- **TASK INSTRUCTIONS**
Look below for the line that contains "Ambassador Veiga with" and the line that contains "টেবিলটি ব্যাখ্যা করে", then restate both of them and every line in between, exactly. No picture goes in the copy.

- **DATA FOR ANALYSIS**
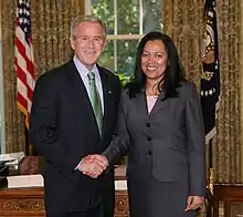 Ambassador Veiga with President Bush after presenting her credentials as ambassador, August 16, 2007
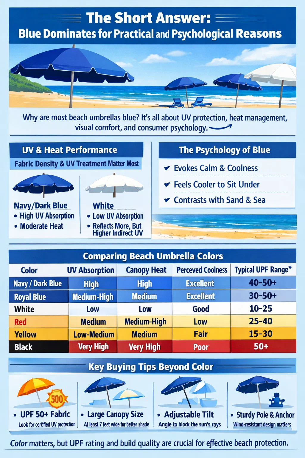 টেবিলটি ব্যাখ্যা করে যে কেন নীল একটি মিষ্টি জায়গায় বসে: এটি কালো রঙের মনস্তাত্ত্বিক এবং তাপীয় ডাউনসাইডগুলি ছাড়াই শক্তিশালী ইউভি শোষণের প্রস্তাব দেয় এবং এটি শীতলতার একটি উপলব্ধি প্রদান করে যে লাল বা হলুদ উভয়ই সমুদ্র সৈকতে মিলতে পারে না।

--

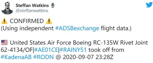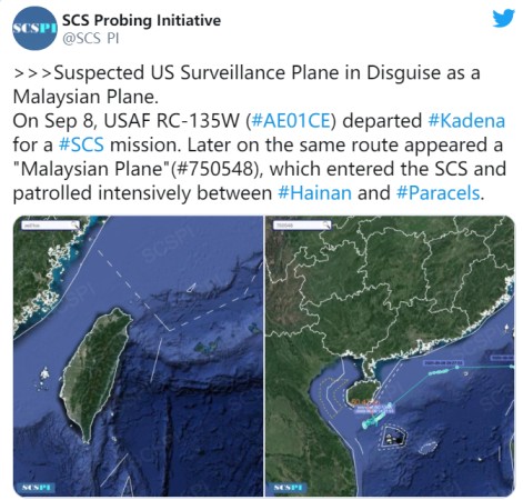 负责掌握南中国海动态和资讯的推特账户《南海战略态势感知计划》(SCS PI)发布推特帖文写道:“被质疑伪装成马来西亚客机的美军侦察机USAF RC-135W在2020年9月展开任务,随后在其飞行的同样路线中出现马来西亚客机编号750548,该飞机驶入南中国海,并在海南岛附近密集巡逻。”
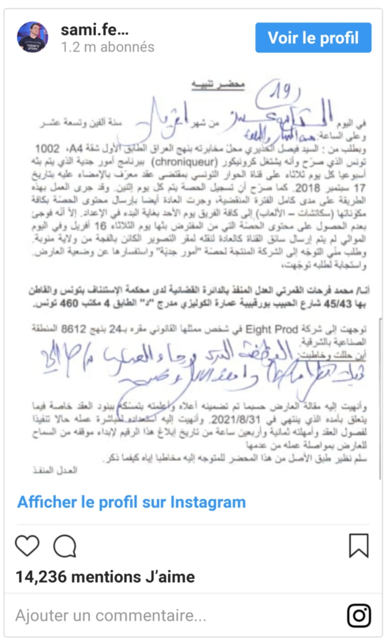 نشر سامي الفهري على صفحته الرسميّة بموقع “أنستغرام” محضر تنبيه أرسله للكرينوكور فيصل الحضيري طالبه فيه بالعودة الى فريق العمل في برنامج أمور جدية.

- **ANSWER BOX**
 Ambassador Veiga with President Bush after presenting her credentials as ambassador, August 16, 2007
 টেবিলটি ব্যাখ্যা করে যে কেন নীল একটি মিষ্টি জায়গায় বসে: এটি কালো রঙের মনস্তাত্ত্বিক এবং তাপীয় ডাউনসাইডগুলি ছাড়াই শক্তিশালী ইউভি শোষণের প্রস্তাব দেয় এবং এটি শীতলতার একটি উপলব্ধি প্রদান করে যে লাল বা হলুদ উভয়ই সমুদ্র সৈকতে মিলতে পারে না।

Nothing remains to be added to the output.